Les chevaux qu’on tire des haras sauvages, s’étant débattus dans les filets mis en usage pour les prendre, résistant encore plus que les autres à l’éducation qui doit les rendre propres au service, ne peuvent pas davantage passer pour neufs dans le sens rigoureux de l’expression.

Avant d’être vendus comme neufs, on les fait passer par quelques circonstances qu’il n’est pas inutile d’exposer.

Quant aux chevaux que fournit l’éducation ordinaire, on les a d’abord fait travailler, ainsi qu’où vient de le dire, ensuite ils sont engraissés, c’est-à-dire soufflés, suivant le langage des nourrisseurs ; puis on les exerce à faire belle montre, c’est-à-dire qu’on les place en montant sur un terrain qui les hausse du devant, afin que l’encolure soit mieux rouée, qu’ils soient assis sur leurs reins, sur leurs jarrets, ce qui donne au cheval un air plus gracieux ; mais, pour leur faire prendre à volonté cette position pénible, il faut qu’ils reçoivent bien des coups de fouet, bien des saccades du bridon à longue branche, appelé briade.

Cette position, amenée pour éblouir les yeux du demi-connoisseur, a coûté à l’animal des efforts répétés des reins et sur-tout des jarrets, efforts suivis d’une certaine roideur de l’épine, et de refoulemens osseux appelés courbe, éparvin jardon, etc.

Ceux qu’on achète pour être mis au service du carrosse sont soumis encore à une autre éducation, qui n’est pas moins pénible : c’est de les dresser à traîner le charriot. On y place d’abord un cheval qui a l’habitude de ce service ; on attèle en avant le cheval neuf que l’on conduit à deux longes. S’il se défend, on lui met un torche-nez ; on le détermine à coups de fouet : il se porte tumultueusement en avant, quelquefois il fait les pointes et se renverse ; enfin les efforts réitérés qu’il fait encore ajoutent un degré de plus aux altérations précédentes ; quelques uns ne peuvent plus reculer qu’avec peine, et l’usure est avancée dans ce prétendu cheval neuf.
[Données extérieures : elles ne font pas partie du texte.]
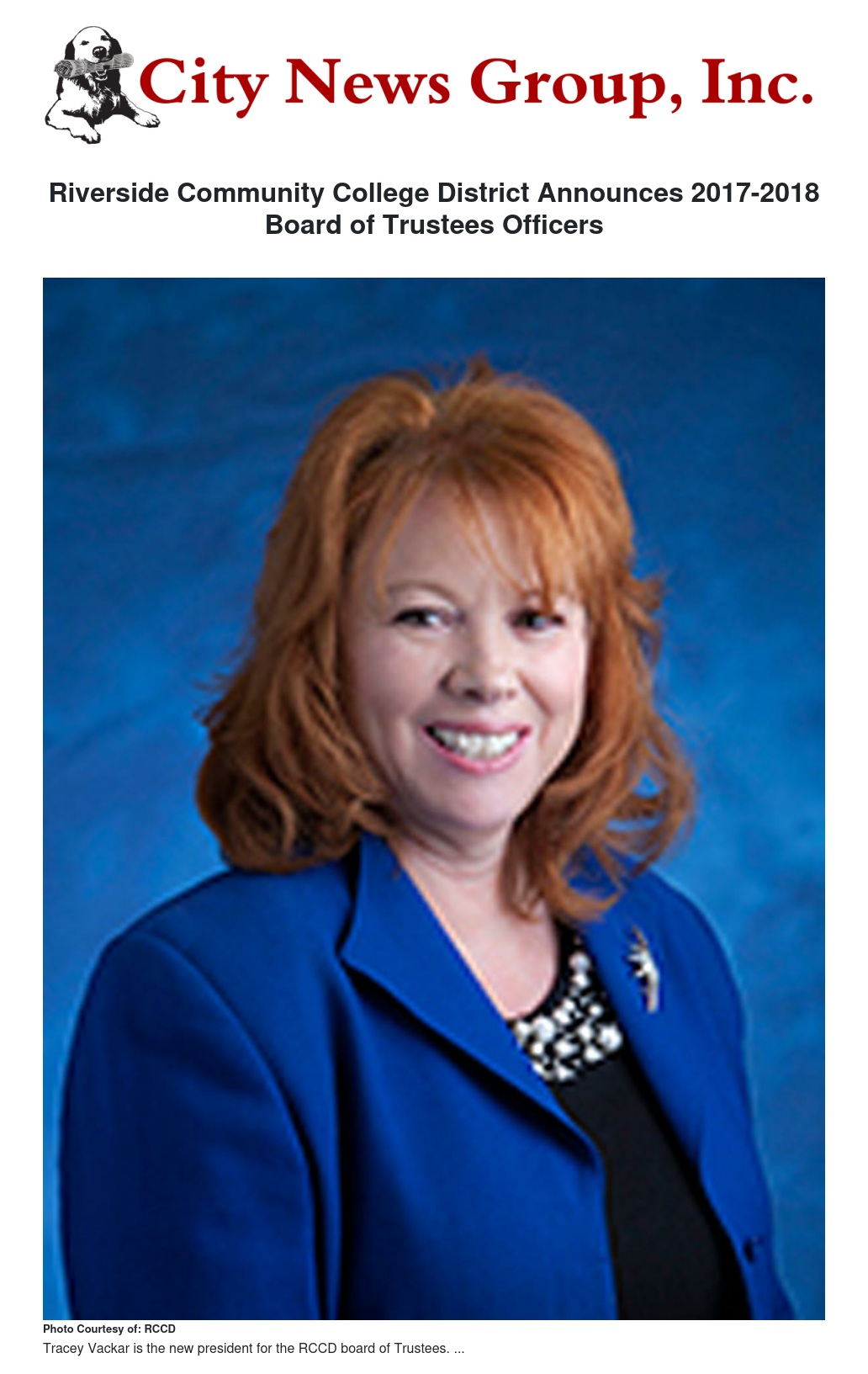 The Riverside Community College District Board of Trustees announced new officers for 2017-18. For the first time in four years, the Board has a new president.

C’est la force, la contrainte, qui font de même l’éducation du cheval de selle ; du galop le plus précipité, on le fait passer à l’arrêt le plus subit ; il s’accule sur ses reins et sur ses jarrets ; (Voyez l’article Acculer) et après quatre ou cinq jours de ces leçons barbares, traînant son derrière, il ne montre que trop combien ces ébranlemens lui ont été nuisibles.

Il résulte de ces considérations que les chevaux qui ont été le moins usés, que l’on a formés graduellement à l’obéissance et au service auquel on les soumet dans la suite, sont les meilleurs, quoiqu’ils ne soient pas neufs. La douceur et la patience sont les moyens de les façonner, de les conserver et de les consolider. Étant ainsi dressés, étant ainsi conservés, ils ont, à cinq ans, toute la force qui les rend d’un très-long service. Ne souffrant d’aucune partie, ils exécutent tous les mouvemens qu’on sait leur demander comme il convient. On voit des chevaux de la sorte qui sont avancés en âge, et qui ont beaucoup travaillé, en qui on remarque les jambes saines, nettes, c’est-à-dire sans marques d’usure, parce qu’on les a gouvernés avec méthode ; tandis que d’autres encore jeunes, sont ruinés sur leurs jambes, étant bouletés, arqués, rampins, droits sur leurs jambes, ayant des courbes, des éparvins, des formes, des vésigons, des molettes, etc. (Voyez Accroissement, Âge, Accoutumer, Avilir, Graisse, Fluxion périodique.)